┌──

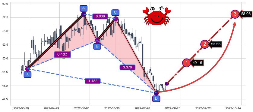 ➢ 谐波螃蟹:c下跌到达d:猜想拉升 → 上涨 →【拐点】强支撑临近 → 大趋势均值回复
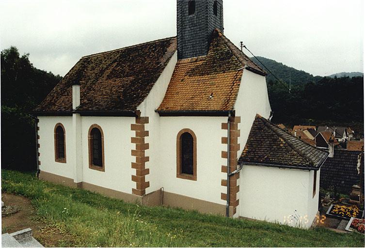 Petite église orientée dominant le reste du village. Nef rectangulaire à 2 travées et choeur carré avec demi-croupe, campanile et sacristie axiale. Fenêtres en plein cintre. Marques de tâcheron : I, sur toutes les chaînes d'angles. Arc triomphal en plein cintre, tribune en équerre. Cimetière autour de l'église.
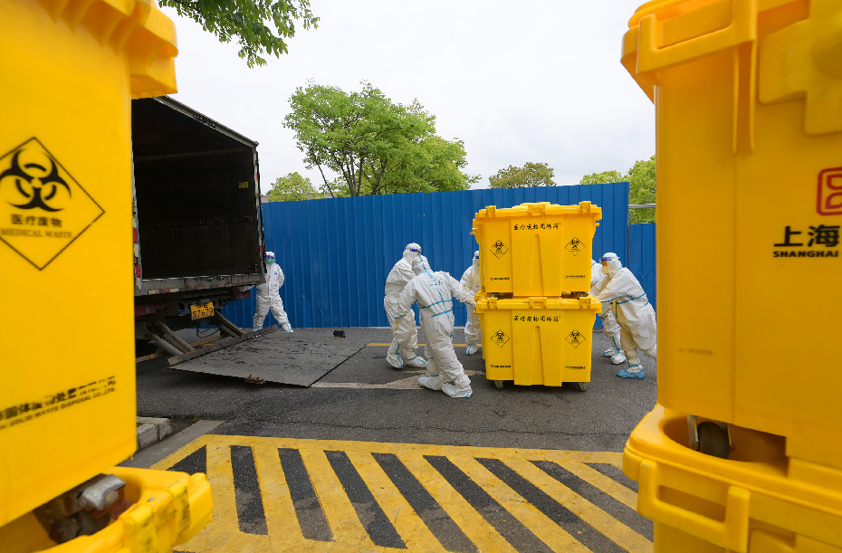 ↑4月30日,上海环境集团工作人员在上海市仁济医院南院区(新冠定点医院)收集医废。
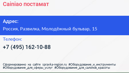 Cainiao, постамат по адресу Beauty Style, 15, Молодёжный бульвар, микрорайон Пригород Лесное, Мисайлово, Ленинский городской округ, Московская область, Центральный федеральный округ, 142721, Россия в дальнейшем Организация, размещена в следующих категориях:
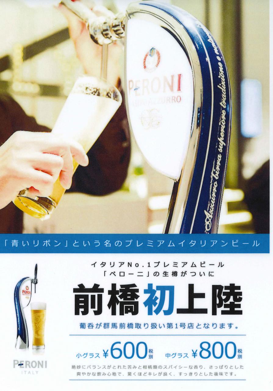 イタリアNo.1プレミアムビール「ペローニ」生樽 前橋初上陸!!
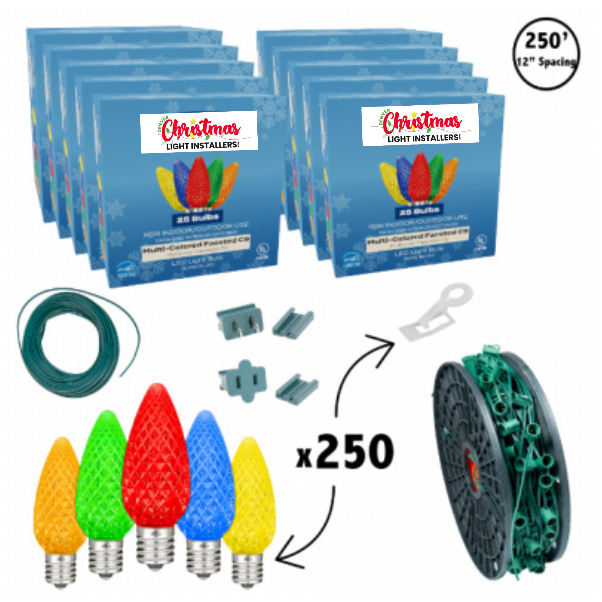 250′ LED Diamond Faceted Multi Color Green Wire w/12″ Bulb Spacing

└──

EXERCISE DESCRIPTION — Retype all the data exactly. Omit pictures.

RESULT OF THE EXERCISE —
 ➢ 谐波螃蟹:c下跌到达d:猜想拉升 → 上涨 →【拐点】强支撑临近 → 大趋势均值回复
 Petite église orientée dominant le reste du village. Nef rectangulaire à 2 travées et choeur carré avec demi-croupe, campanile et sacristie axiale. Fenêtres en plein cintre. Marques de tâcheron : I, sur toutes les chaînes d'angles. Arc triomphal en plein cintre, tribune en équerre. Cimetière autour de l'église.
 ↑4月30日,上海环境集团工作人员在上海市仁济医院南院区(新冠定点医院)收集医废。
 Cainiao, постамат по адресу Beauty Style, 15, Молодёжный бульвар, микрорайон Пригород Лесное, Мисайлово, Ленинский городской округ, Московская область, Центральный федеральный округ, 142721, Россия в дальнейшем Организация, размещена в следующих категориях:
 イタリアNo.1プレミアムビール「ペローニ」生樽 前橋初上陸!!
 250′ LED Diamond Faceted Multi Color Green Wire w/12″ Bulb Spacing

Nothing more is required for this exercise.